[Source data]
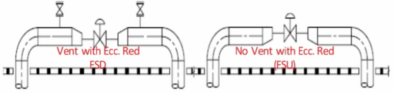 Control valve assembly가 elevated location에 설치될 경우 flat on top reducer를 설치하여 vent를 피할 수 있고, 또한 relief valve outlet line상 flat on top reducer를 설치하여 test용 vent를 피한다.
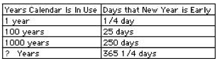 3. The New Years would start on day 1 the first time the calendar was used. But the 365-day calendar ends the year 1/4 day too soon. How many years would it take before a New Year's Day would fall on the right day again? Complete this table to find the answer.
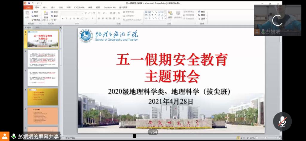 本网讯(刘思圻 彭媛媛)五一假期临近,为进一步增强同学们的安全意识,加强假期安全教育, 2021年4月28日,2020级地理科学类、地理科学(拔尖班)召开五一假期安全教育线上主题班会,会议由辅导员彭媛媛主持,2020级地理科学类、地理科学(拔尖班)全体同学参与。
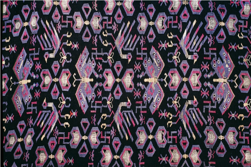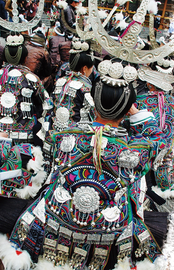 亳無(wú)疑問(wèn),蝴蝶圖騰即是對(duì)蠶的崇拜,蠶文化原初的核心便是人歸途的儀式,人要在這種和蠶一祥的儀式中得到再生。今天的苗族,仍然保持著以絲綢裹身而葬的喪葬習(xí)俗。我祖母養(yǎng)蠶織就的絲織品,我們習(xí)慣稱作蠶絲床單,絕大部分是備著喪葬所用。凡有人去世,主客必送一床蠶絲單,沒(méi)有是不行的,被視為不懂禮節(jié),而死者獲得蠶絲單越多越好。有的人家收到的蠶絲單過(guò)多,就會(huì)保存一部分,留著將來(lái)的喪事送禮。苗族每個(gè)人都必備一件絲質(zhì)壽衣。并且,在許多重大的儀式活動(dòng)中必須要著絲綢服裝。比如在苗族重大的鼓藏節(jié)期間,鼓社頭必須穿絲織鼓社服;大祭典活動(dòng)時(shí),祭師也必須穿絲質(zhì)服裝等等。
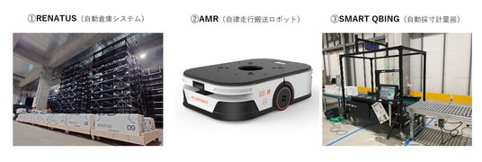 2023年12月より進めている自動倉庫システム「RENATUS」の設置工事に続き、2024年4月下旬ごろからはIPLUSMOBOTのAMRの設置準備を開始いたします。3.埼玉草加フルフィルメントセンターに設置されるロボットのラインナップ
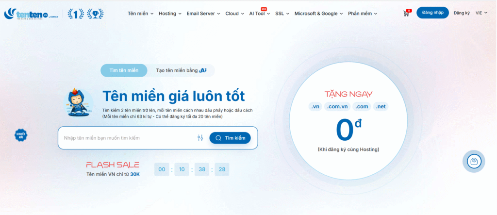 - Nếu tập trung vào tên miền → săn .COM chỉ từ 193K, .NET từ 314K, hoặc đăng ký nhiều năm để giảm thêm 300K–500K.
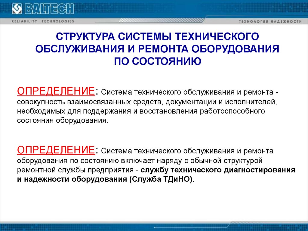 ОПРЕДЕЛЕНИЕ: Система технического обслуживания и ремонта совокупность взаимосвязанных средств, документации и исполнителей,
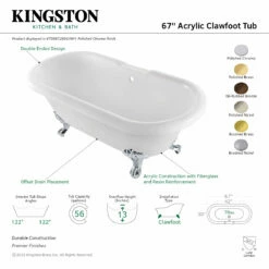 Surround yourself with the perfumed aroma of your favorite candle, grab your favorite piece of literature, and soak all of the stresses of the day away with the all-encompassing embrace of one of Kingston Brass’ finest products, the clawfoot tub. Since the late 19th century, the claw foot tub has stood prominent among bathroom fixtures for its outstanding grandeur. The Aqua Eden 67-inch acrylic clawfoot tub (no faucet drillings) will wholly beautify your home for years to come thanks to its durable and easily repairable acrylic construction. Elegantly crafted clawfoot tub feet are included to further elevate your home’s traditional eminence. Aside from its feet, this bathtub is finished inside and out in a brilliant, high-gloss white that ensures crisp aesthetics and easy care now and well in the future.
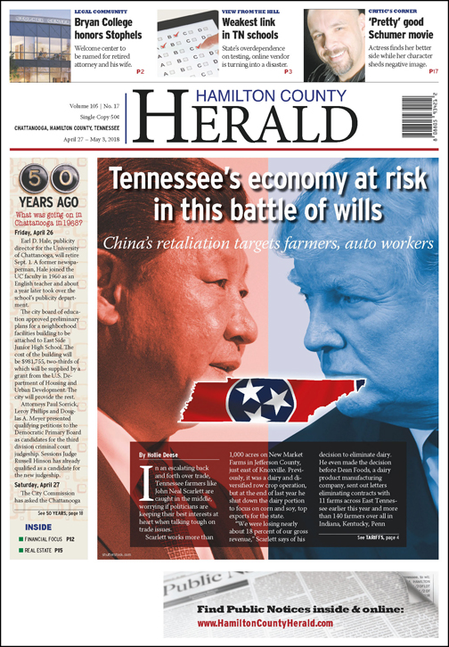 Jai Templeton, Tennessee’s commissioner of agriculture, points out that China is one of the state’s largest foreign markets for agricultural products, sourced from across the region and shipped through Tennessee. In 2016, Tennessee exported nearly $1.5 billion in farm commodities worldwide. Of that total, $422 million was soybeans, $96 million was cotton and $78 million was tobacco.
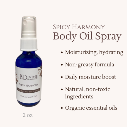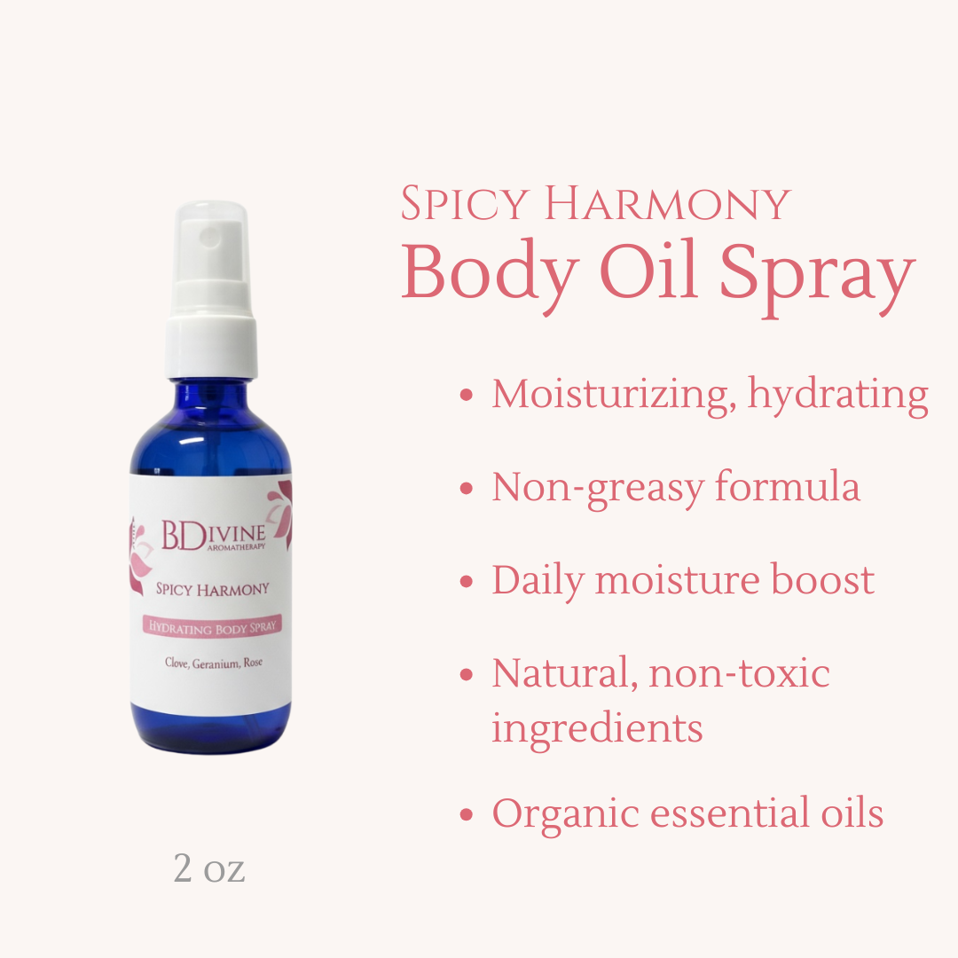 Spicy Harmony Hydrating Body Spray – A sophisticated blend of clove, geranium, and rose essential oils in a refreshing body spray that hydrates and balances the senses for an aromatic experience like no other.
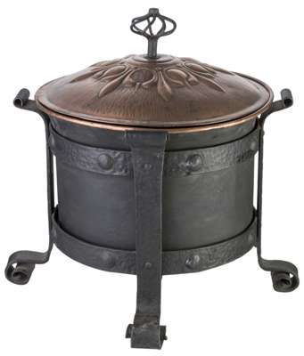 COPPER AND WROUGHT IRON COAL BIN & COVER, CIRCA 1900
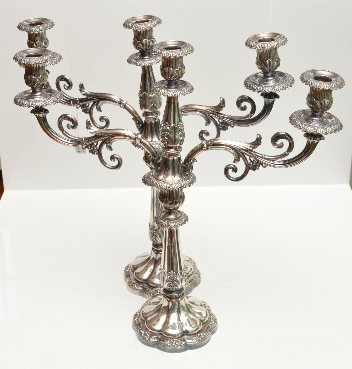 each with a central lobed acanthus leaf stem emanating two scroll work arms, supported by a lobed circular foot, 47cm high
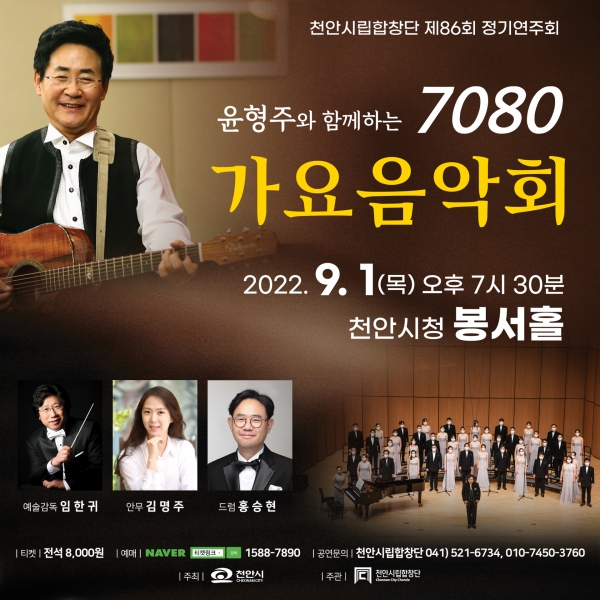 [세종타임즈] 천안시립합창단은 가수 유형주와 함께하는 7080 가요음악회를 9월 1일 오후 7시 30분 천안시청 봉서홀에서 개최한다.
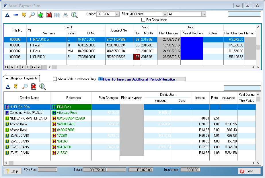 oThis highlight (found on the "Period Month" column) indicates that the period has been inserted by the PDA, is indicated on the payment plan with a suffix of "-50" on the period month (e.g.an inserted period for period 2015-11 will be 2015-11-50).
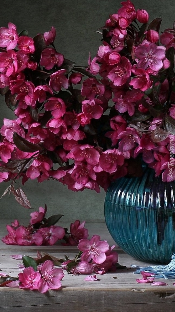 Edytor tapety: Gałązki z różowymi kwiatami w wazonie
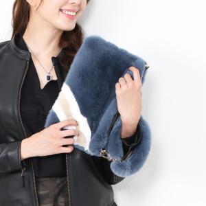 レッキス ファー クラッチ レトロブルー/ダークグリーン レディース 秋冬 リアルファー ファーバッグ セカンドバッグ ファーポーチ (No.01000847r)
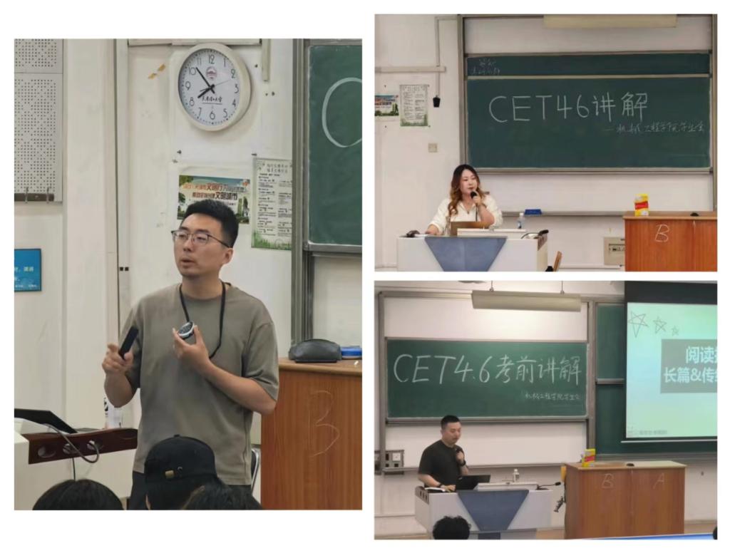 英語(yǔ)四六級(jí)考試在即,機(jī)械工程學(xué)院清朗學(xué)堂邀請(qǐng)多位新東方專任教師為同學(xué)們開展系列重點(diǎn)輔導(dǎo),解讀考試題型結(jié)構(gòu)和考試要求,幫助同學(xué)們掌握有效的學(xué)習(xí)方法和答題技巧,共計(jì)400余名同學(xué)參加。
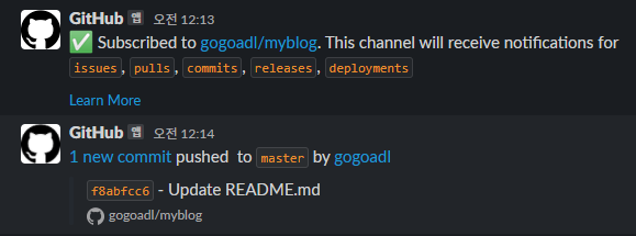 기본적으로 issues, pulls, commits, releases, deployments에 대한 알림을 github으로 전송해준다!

ASSIGNMENT:
What you return must match the lines above from the one with "each with a" through the one with "[세종타임즈] 천안시립합창단은 가수" exactly, with both ends included and the pictures excluded.

EXERCISE OUTPUT:
 each with a central lobed acanthus leaf stem emanating two scroll work arms, supported by a lobed circular foot, 47cm high
 [세종타임즈] 천안시립합창단은 가수 유형주와 함께하는 7080 가요음악회를 9월 1일 오후 7시 30분 천안시청 봉서홀에서 개최한다.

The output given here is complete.